▸ **Material for this task**:

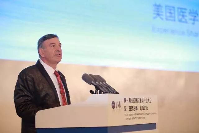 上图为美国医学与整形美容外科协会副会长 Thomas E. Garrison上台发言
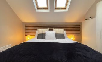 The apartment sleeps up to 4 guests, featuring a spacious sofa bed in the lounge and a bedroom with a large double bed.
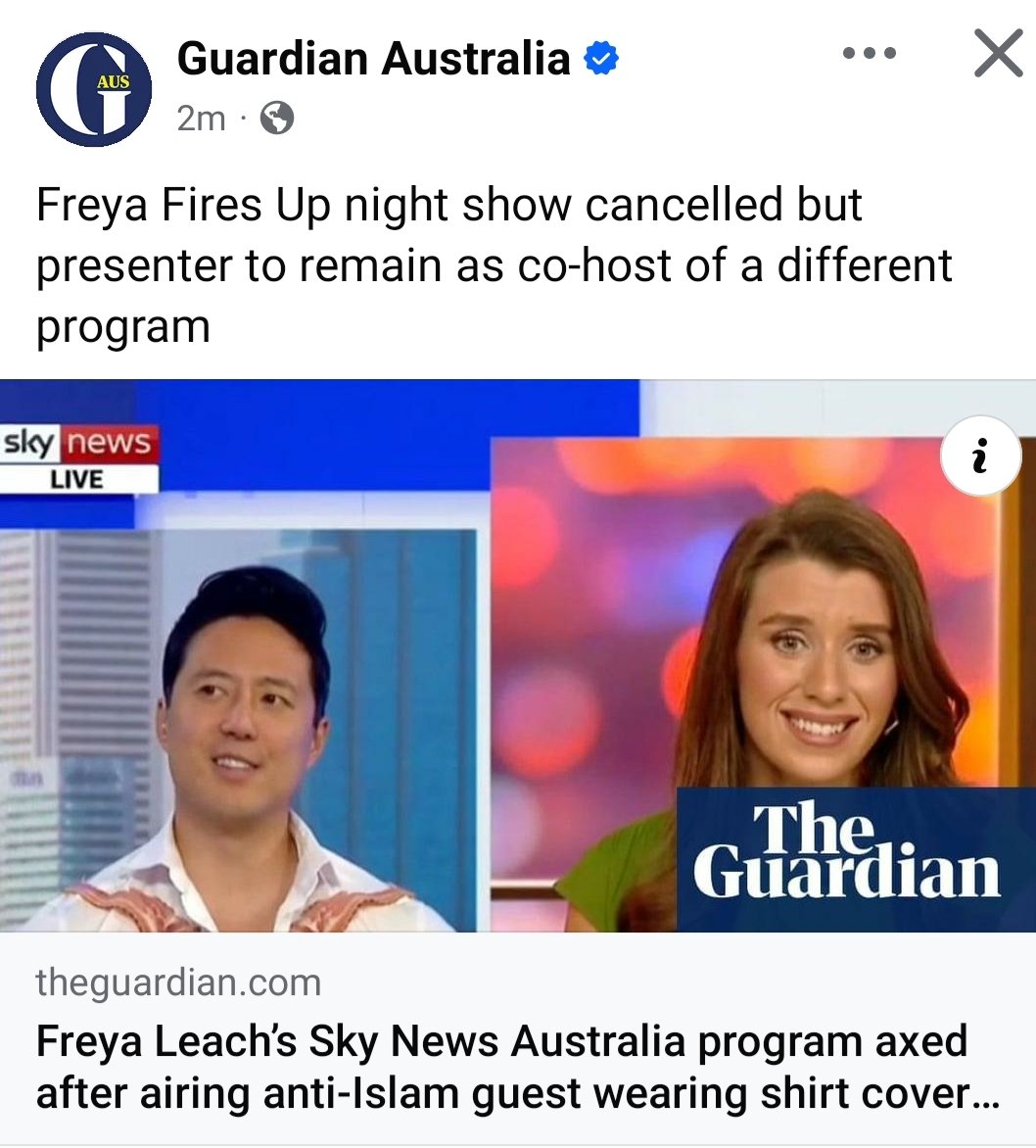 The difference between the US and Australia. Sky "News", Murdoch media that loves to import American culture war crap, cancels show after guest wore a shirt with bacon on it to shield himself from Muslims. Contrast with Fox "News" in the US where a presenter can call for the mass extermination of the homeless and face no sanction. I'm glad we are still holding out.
--
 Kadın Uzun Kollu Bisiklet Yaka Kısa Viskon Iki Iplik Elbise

▸ **Required action**: In the records above, find the line with "The apartment sleeps" and the line with "The difference between"; please transcribe exactly those two lines and all lines between them, omitting any picture.

▸ **Exercise solution**:
 The apartment sleeps up to 4 guests, featuring a spacious sofa bed in the lounge and a bedroom with a large double bed.
 The difference between the US and Australia. Sky "News", Murdoch media that loves to import American culture war crap, cancels show after guest wore a shirt with bacon on it to shield himself from Muslims. Contrast with Fox "News" in the US where a presenter can call for the mass extermination of the homeless and face no sanction. I'm glad we are still holding out.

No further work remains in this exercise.